The **`update()`** method updates a dictionary with the elements from another dictionary. It adds elements to the dictionary if the key is not in the dictionary. If the key is in the dictionary, it updates the key with the new value. 

In [158]:
def merge_lists (list1, list2, dictKey):
    merged = {}
    for item in list1 + list2: #for each dictionary in both lists
        if item[dictKey] in merged: #if dictionary with specified key is already in merged
            merged [item[dictKey]].update(item)
            print (item)
        else:
            merged[item[dictKey]] = item
    return [val for (_, val) in merged.items()]

In [157]:
print (merge_lists (amounts, prices, "Food"))
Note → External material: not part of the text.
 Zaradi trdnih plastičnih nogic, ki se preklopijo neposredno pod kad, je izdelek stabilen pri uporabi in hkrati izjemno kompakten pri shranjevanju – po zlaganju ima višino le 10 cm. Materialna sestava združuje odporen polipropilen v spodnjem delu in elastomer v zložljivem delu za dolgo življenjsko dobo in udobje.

{'Food': 'Bananas', 'Price': '12', 'Bought': 'TRUE'}
{'Food': 'Pineapples', 'Price': '87', 'Bought': 'FALSE'}
{'Food': 'Yogurt', 'Price': '10', 'Bought': 'TRUE'}
{'Food': 'Sausages', 'Price': '42', 'Bought': 'TRUE'}
[{'Food': 'Apples', 'Amount': '4', 'Expiration': '04-Jun'}, {'Food': 'Bananas', 'Amount': '2', 'Expiration': '06-Jun', 'Price': '12', 'Bought': 'TRUE'}, {'Food': 'Noodles', 'Amount': '10', 'Expiration': '10-Sep'}, {'Food': 'Peanuts', 'Amount': '200', 'Expiration': '12-Dec'}, {'Food': 'Sausages', 'Amount': '3', 'Expiration': '13-Jun', 'Price': '42', 'Bought': 'TRUE'}, {'Food': 'Yogurt', 'Amount': '1', 'Expiration': '12-Jun', 'Price': '10', 'Bought': 'TRUE'}, {'Food': 'Pineapples', 'Amount': '2', 'Expiration': '03-Jul', 'Price': '87', 'Bought': 'FALSE'}, {'Food': 'Cheese', 'Price': '50', 'Bought': 'FALSE'}, {'Food': 'Toast', 'Price': '23', 'Bought': 'TRUE'}, {'Food': 'Tomatoes', 'Price': '11', 'Bought': 'FALSE'}]
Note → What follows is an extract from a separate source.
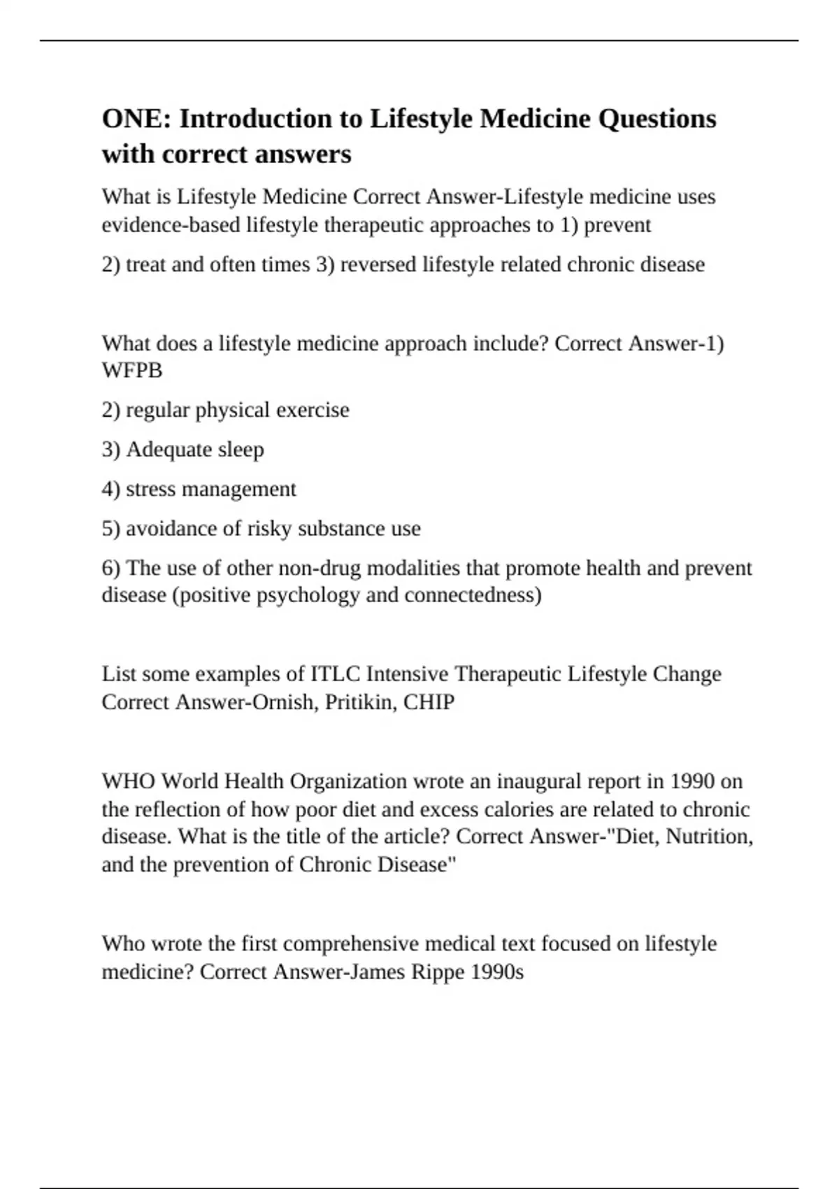What does a lifestyle medicine approach include? Correct Answer-1)

For now I don't quite understand how the `merge_lists` function works. What exactly are the if and else conditions doing? Why is there a `+` between list1 and list2? If I exchange it for an `and` I get a different output, and if I change it for an `or` I get a different output. 
I also don't understand the `return` statement. In the original Stackoverflow answer, the `return` statement is simply `merged.values()`, but this results in a slightly different output than the `[val for (_, val) in merged.items()]` that I got from a blog pots.